And I think we could make _log_writes_fast_replay_check(), which seems
only useful to btrfs, a local function in the test, so we avoid all
these $FSTYP == btrfs checks.

Thanks,
Eryu

> diff --git a/src/log-writes/replay-log.c b/src/log-writes/replay-log.c
> index 829b18e2..1e1cd524 100644
> --- a/src/log-writes/replay-log.c
> +++ b/src/log-writes/replay-log.c
> @@ -1,5 +1,6 @@
>  // SPDX-License-Identifier: GPL-2.0
>  #include <stdio.h>
> +#include <errno.h>
>  #include <unistd.h>
>  #include <getopt.h>
>  #include <stdlib.h>
> @@ -375,6 +376,7 @@ int main(int argc, char **argv)
>  				fprintf(stderr, "Fsck errored out on entry "
>  					"%llu\n",
>  					(unsigned long long)log->cur_entry - 1);
> +				ret = -EUCLEAN;
>  				break;
>  			}
>  		}
> diff --git a/tests/btrfs/192 b/tests/btrfs/192
> new file mode 100755
> index 00000000..db9bc40e
> --- /dev/null
> +++ b/tests/btrfs/192
> @@ -0,0 +1,156 @@
> +#! /bin/bash
> +# SPDX-License-Identifier: GPL-2.0
> +# Copyright (C) 2019 SUSE Linux Products GmbH. All Rights Reserved.
> +#
> +# FS QA Test 192
> +#
> +# Test btrfs consistency after each FUA for a workload with snapshot creation
> +# and removal
> +#
> +seq=`basename $0`
> +seqres=$RESULT_DIR/$seq
> +echo "QA output created by $seq"
> +
> +here=`pwd`
> +tmp=/tmp/$$
> +status=1	# failure is the default!
> +trap "_cleanup; exit \$status" 0 1 2 3 15
> +
> +_cleanup()
> +{
> +	cd /
> +	kill -q $pid1 &> /dev/null
> +	kill -q $pid2 &> /dev/null
> +	"$KILLALL_PROG" -q $FSSTRESS_PROG &> /dev/null
> +	wait
> +	_log_writes_cleanup &> /dev/null
> +	rm -f $tmp.*
> +}
> +
> +# get standard environment, filters and checks
> +. ./common/rc
> +. ./common/filter
> +. ./common/attr
> +. ./common/dmlogwrites
> +
> +# remove previous $seqres.full before test
> +rm -f $seqres.full
> +
> +# real QA test starts here
> +
> +# Modify as appropriate.
> +_supported_fs btrfs
> +_supported_os Linux
> +
> +_require_command "$KILLALL_PROG" killall
> +_require_command "$BLKDISCARD_PROG" blkdiscard
> +_require_btrfs_fs_feature "no_holes"
> +_require_btrfs_mkfs_feature "no-holes"

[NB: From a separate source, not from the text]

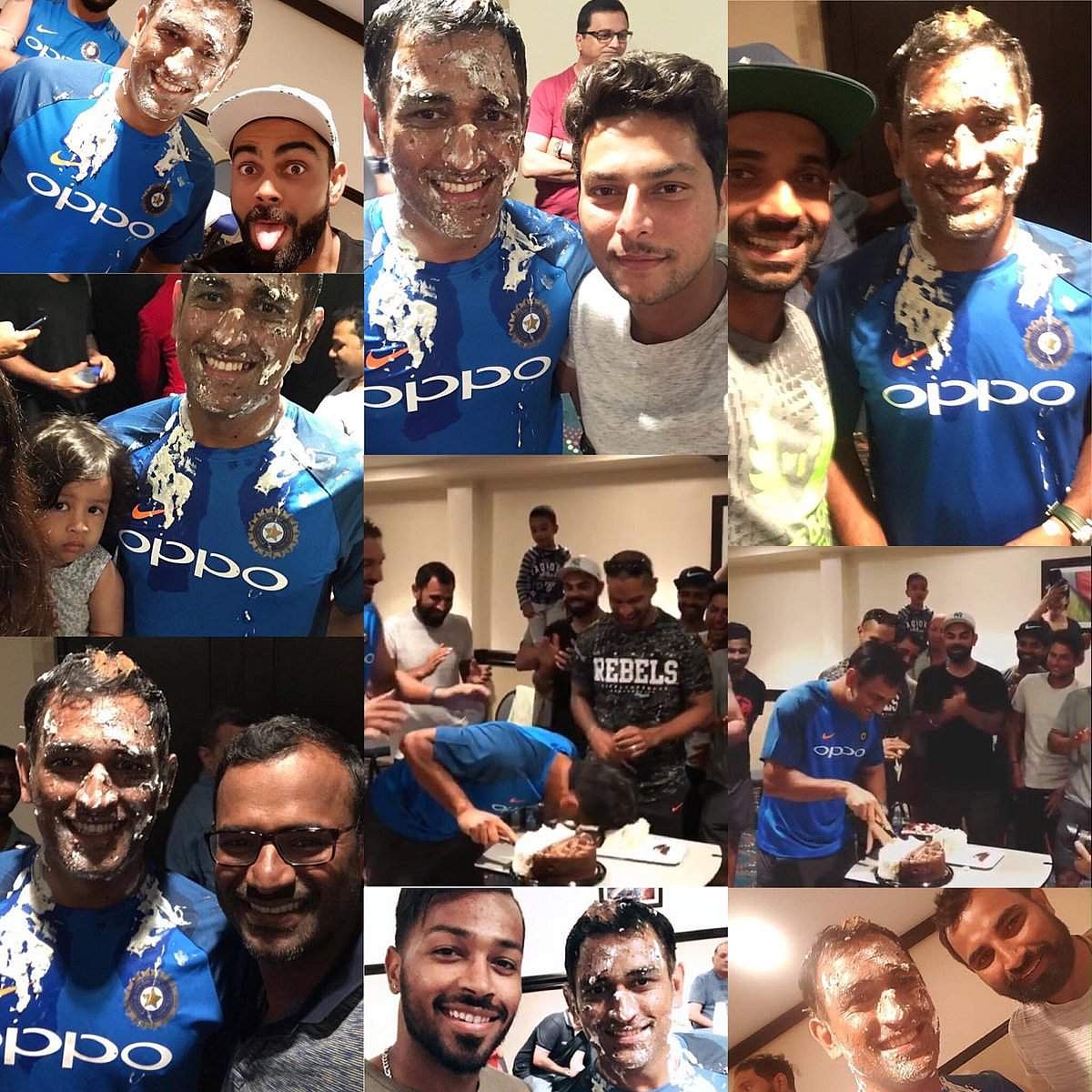 மேற்கிந்தியத் தீவுகளுக்குச் சுற்றுப்பயணம் செய்துள்ள இந்திய அணி, தோனியின் பிறந்தநாளை மிகவும் விமரிசையாகக் கொண்டாடியது. தோனி கேக் வெட்டியபோது மற்றவர்கள் செய்வதற்கு முன்பு தானே அருகில் இருந்த இன்னொரு கேக்கில் முகம் புதைத்து அனைவரையும் மகிழ்ச்சிக்கு ஆளாக்கினார். தோனியின் மனைவி, குழந்தையும் இந்தக் கொண்டாட்டத்தில் கலந்துகொண்டார்கள்.

> +_require_fsck_not_report_dirty_logs_as_error
> +_require_log_writes
> +_require_scratch
> +_require_attrs
> +
> +# To generate 3 level fs tree for 64K nodesize, we need 32768 xattr items.
> +# That will cause too many transactions, bumping replay check time
> +# from ~60s to ~300s. (VM alreayd using unsafe cache for the test devices)
> +# So here we skip non-4K page size system, in favor of a shorter default
> +# test time
> +if [ $(get_page_size) -ne 4096 ]; then
> +	_notrun "This test doesn't support non-4K page size yet"
> +fi
> +
> +runtime=30
> +nr_cpus=$("$here/src/feature" -o)
> +# cap nr_cpus to 8 to avoid spending too much time on hosts with many cpus
> +if [ $nr_cpus -gt 8 ]; then
> +	nr_cpus=8
> +fi
> +fsstress_args=$(_scale_fsstress_args -w -d $SCRATCH_MNT -n 99999 -p $nr_cpus \
> +		$FSSTRESS_AVOID)
> +_log_writes_init $SCRATCH_DEV
> +
> +# Discard the whole devices so when some tree pointer is wrong, it won't point
> +# to some older valid tree blocks, so we can detect it.
> +$BLKDISCARD_PROG $LOGWRITES_DMDEV > /dev/null 2>&1
> +
> +# Workaround minor file extent discountinous.
> +# And use 4K nodesize to bump tree height.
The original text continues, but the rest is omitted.